Observability 2.0: unified storage and structured data

The core shift is from many sources of truth to unified storage.
Instead of separate silos, you store wide, structured events (rich logs) in a single backend, typically a columnar store.
Benefits:
- No dead ends: click a log, turn it into a trace, visualize over time, derive metrics or SLOs, and jump directly into the events violating an SLO.
- High cardinality support: you can slice and dice by unique IDs (user ID, request ID, app ID) without breaking the bank.
Charity emphasizes that many vendors claim “unified observability” but often only offer a unified bill or unified visualization, not true unified storage.
The new wave of observability startups (many built on ClickHouse, columnar stores, OpenTelemetry-native, wide events) looks more like “cheaper Honeycombs” than “cheaper Datadogs.”

How Charity’s experience at Parse and Facebook shaped Honeycomb

At Parse (a mobile backend-as-a-service with ~1M apps), outages were frequent and hard to diagnose:
- The Ruby on Rails stack had fixed worker pools; one slow app could bring down the whole system.
- Logs were full of requests, but it was unclear which app actually caused the problem.
After Parse was acquired by Facebook, Charity used Scuba, Facebook’s in-memory columnar analytics tool:
- Scuba allowed real-time slicing and dicing on high-cardinality dimensions (app ID, user ID, query, latency).
- Time to pinpoint root cause dropped from hours (or never) to seconds.
Her co-founder Christine had built Parse’s analytics product on Cassandra and was frustrated by having to predefine questions in advance; she’d manually look up answers in Scuba.
Both realized this kind of interactive, high-cardinality exploration was life-changing—and not available in any external tool.
They left Facebook to build Honeycomb, aiming to productize that experience, without initially knowing terms like “product-market fit” or “observability category.”

Scuba at Facebook

Scuba is an in-memory columnar store, built about a decade before Charity used it, originally to debug MySQL/PHP issues.
It was “quick and dirty”: a C++ binary that shelled out to rsync for replication.
Its evolution is closer to business analytics than traditional monitoring or the three-pillar model.

Key observability concepts engineers should understand

Metrics (small m vs. Big M):
- Small m metrics: generic term for telemetry.
- Big M metrics: a number with tags appended—efficient but limited; they don’t store contextual relationships.
Structured data vs. metrics:
- The shift is from storing data in multiple metric/logging/tracing tools to storing wide, structured events in a unified backend.
Sampling:
- Often feared because logging vendors have long said “every log is sacred.”
- In practice, smart sampling is essential for managing cost while preserving debuggability.
Cardinality:
- Refers to the number of unique values in a set (e.g., request IDs, user IDs).
- High cardinality data is the most valuable for debugging but also the most expensive in traditional metric-based systems.
- In time-series databases, every unique combination of metric + tags is stored separately, so adding a high-cardinality field (like IP address) can 100x your bill overnight.
- Teams using traditional tools spend most of their time governing cardinality instead of debugging.

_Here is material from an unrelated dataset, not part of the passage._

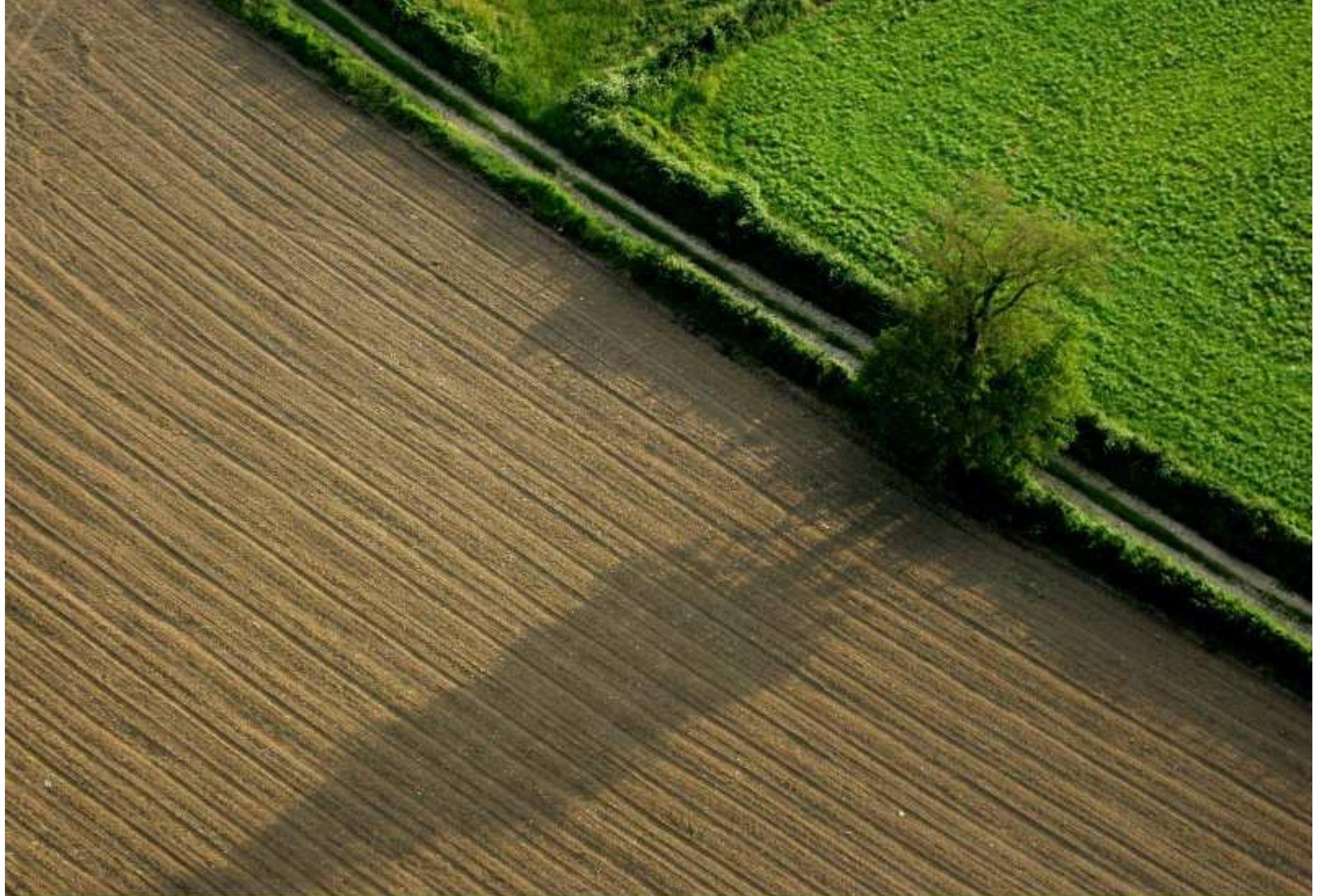
Meljac vu du ciel - à travers champs - juin 2010

Why observability is so expensive

System complexity and high standards: companies like banks or delivery services must understand every request.
Multiplier effect: storing many copies of each request across many tools.
Cardinality blowup: traditional metric-based tools can’t handle high cardinality efficiently; costs spiral as cardinality grows.
Charity notes that when money is no longer “free,” the old model becomes unsustainable.

The solution: structured data and columnar stores

Move away from tools backed by Big M metrics toward tools using structured data in columnar stores.
Emit fewer but wider logs—attach rich context to each event.
This enables:
- Real-time slicing and grouping by high-cardinality fields.
- Interactive exploration (e.g., “Bubble Up” in Honeycomb: select a spike, compare dimensions inside vs. outside to see what’s different).
Trade-offs exist but are mitigated by falling storage/compute costs and modern columnar databases that don’t require predefined schemas or indexes.

Observability across the development lifecycle

Observability should underpin the entire development cycle, not just production incidents.
Use cases:
- CI/CD: visualize builds as traces, see where tests break or where time is spent.
- Progressive deployments: ship behind feature flags or canaries, then use observability to validate behavior with precision.
Charity’s metaphor: observability + feature flags + canaries is like putting on glasses before driving—you should feel in control, not constantly course-correcting.

Who owns observability?

Some companies assign ownership to SRE or DevOps teams, but the center of gravity is shifting to platform teams.
Platform teams manage the boundary between app code and infrastructure, and their customers are internal (product engineers).
The model is: “You own your code; we help you with the platform.”
Charity believes DevOps as a movement is in its fulfillment stage:
- The old split between “Dev builds, Ops operates” is fading.
- Increasingly, engineers write code and own it in production.
- The philosophy of collaboration and empathy remains, but the organizational split is disappearing.

Why observability is hard

Software is hard; observability adds a meta-layer of thinking about what future-you will need to know at 2 a.m.
Historically, tools required engineers to think in terms of physical resources (CPU, RAM) rather than user outcomes.
Charity herself “hated” observability and monitoring for years, always trying to delegate it.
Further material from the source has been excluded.